ST. AUGUSTINE, Fla. — You may not know her name, but a woman in a very famous photograph has died at age 73.
Mimi Jones is the woman seen in the 1964 photograph, in which a St. Augustine hotel manager poured acid into the pool.
Jones died over the weekend.
Historian David Nolan had met Jones.
"She was one of the great foot soldiers of the Civil Rights Movement, not just for what she did in St. Augustine," he said. "She came out of Albany, Ga., which was one of the great campaigns Dr. King took part in. She was part of what he called his 'non-violent army.'"
Nolan said when the idea emerged for a civil rights demonstration at the whites-only pool at the Monson Motor Lodge in St. Augustine in 1964, the organizers needed people who could swim.
"And so a group of people – including Mimi Jones and her sister – came down from Albany, Ga.," Nolan said. "They were the people who went and jumped in the pool. And from that point history was made. The manager of the hotel redefined southern hospitality by grabbing that acid and pouring it into the pool. Mimi said it was terrifying to her."
He continued, "But the photograph of that, was the most famous photograph ever taken in St. Augustine.

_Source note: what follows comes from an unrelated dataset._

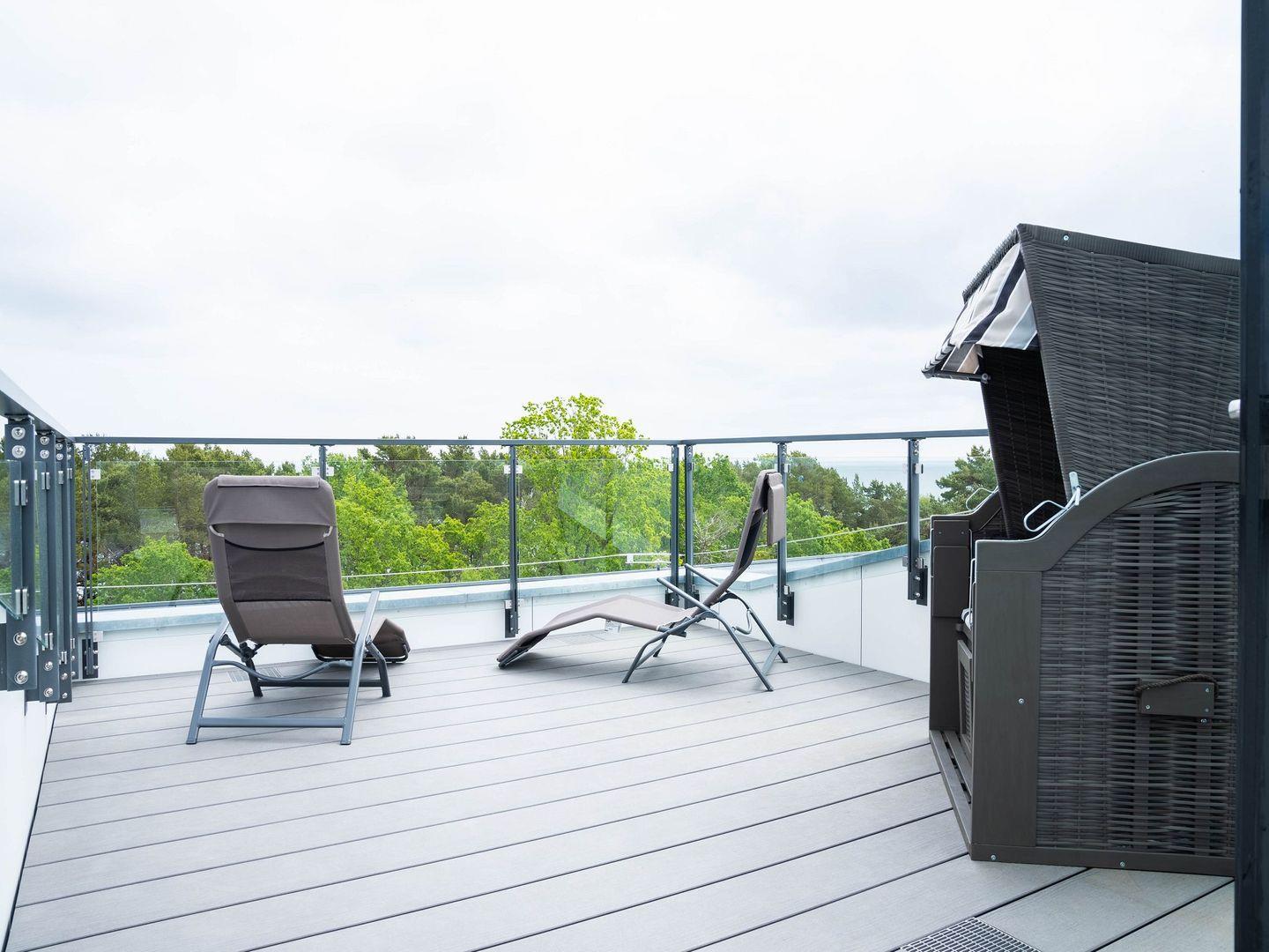 Diese hochwertig eingerichtete Maisonette Ferienwohnung mit zwei privaten Balkonen mit Meerblick besteht aus einem großen Wohnraum mit Küche, Esszimmer und zwei separaten Schlafzimmern. Das Wohnzimmer verfügt über ein Schlafsofa (140er breit). Die Küchenzeile ist eingerichtet und überzeugt mit einem Kochfeld, einem Backofen, einem Geschirrspüler, einem Wasserkocher, einer Kaffeemaschine und einem Toaster. Beide Schlafzimmer liegen separat und sind jeweils mit einem King Size Boxspringbett ausgestattet. Eines der Schlafzimmer verfügt über ein Duschbad en Suite. Zudem verfügt die Wohnung über zwei weitere Badezimmer, hiervon eines mit Dusche und eines mit Badewanne, Waschbecken, WC und großen Spiegeln. Haustiere sind leider nicht gestattet. Highlight ist die große Dachterrasse mit Strandkorb.

And that picture ran on the front page of the Washington D.C. newspaper the day the senate went to vote on passing the Civil Rights Act of 1964, so if there were any wavering votes at all, they just had to look at that horrible picture in the paper and say, 'This is not the America we want. We must pass that law!'”
Indeed, the Civil Rights Act of 1964 was passed, outlawing discrimination in public places.
"So Mimi Jones, as still a teenager, had this incredible encounter with American history," Nolan said. "Long after she had left Albany and St. Augustine and left the south, she was a well-known community leader, who shared her story, teaching younger generations that there are things you can do that will change the situation for the better. I think that’s her great gift to us."
Mimi Jones died at her home in Massachusetts.